Handling Cash Affects Your Bottom Line
Handling cash is actually more expensive than accepting credit and paying the fees associated with it. If you consider all the direct and hidden costs associated with cash-handling activities, you’d probably be shocked at all of the money your company is wasting on a process that is largely ignored by the head office.
But think about it. You not only have to pay for coin wrappers, bill straps, a vault, and a cash room, but you also have labour costs associated with the activities, and costs associated with fraud, internal theft, and human error. And the more lax and inefficient your procedures are, the more money you’re throwing away on cash handling. Just use a cost of cash calculator to find out how much you’re really spending on managing cash.
All of these expenses can hurt your bottom line—but they don’t have to.
Handling Cash Affects Your Cash Flow
Every CFO knows just how important cash flow is to a business. You understand that poor cash flow could result in bankruptcy. If you don’t have access to your cash when you need it to process payroll and pay vendors and bills, you won’t be in business for very long. You have likely taken many steps to improve your liquidity—from chasing down non-paying customers to implementing a just-in-time inventory system.
However, you might not have considered adjusting your cash management processes as a solution. The way you handle cash can have a big effect on your cash flow—the more money you need to process transactions and have in your vault, the less money you have to spend on other areas of your business. Plus, without reducing your cash-handling expenses, like your labour costs and losses, you have even less money available to spend when you need it.
Investing in Cash Management Solutions Is a Wise Business Decision
If you want to reduce the amount of money you’re spending on accepting money, then it would be wise to invest in some cash management solutions. Counterfeit detectors, coin counters, and bill sorters can all increase your productivity, drive efficiency, improve accountability, and enhance security. They can reduce your labour costs and reduce your losses. In addition, some solutions, like cheque scanners and currency recyclers can significantly improve your cash flow by reducing your vault holdings and allowing you to have access to your cash sooner.
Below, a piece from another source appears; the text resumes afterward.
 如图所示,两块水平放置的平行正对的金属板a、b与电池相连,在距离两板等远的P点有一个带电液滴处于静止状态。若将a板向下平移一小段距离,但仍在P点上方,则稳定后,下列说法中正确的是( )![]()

When you automate your systems and eliminate your archaic manual processes, you can spend less time on these repetitive tasks, you can enhance accuracy tenfold, and you can reduce instances of fraud and theft. Investing is these high-tech products can provide a high ROI for years to come.
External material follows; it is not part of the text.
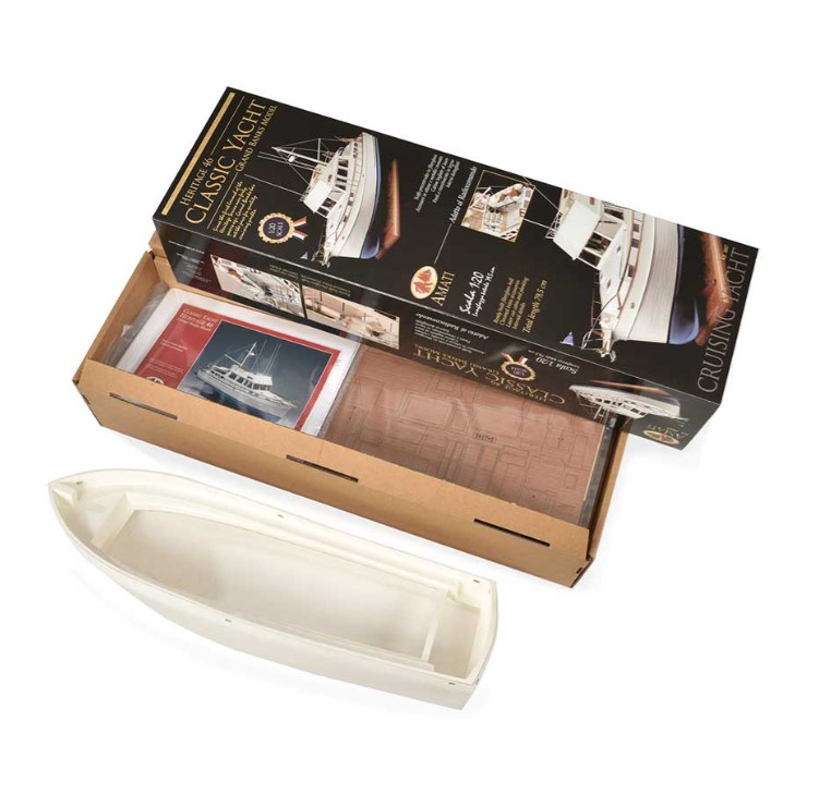 De Amati 1:20 Grand Banks Classic Yacht #ATI-1607 biedt een authentieke replica van de Grand Banks 46 Classic, een iconisch motorjacht dat bekendstaat om zijn robuustheid en tijdloze ontwerp.

Grow and Prosper with Effective Cash Management
CFOs must consider all opportunities for financial growth. They must reduce costly expenses, they must improve cash flow, and they must make investments that can help their companies become financially stronger so they can grow and prosper in the competitive market. Considering that your cash management can negatively affect your bottom line and your cash flow, automating your systems is a great solution.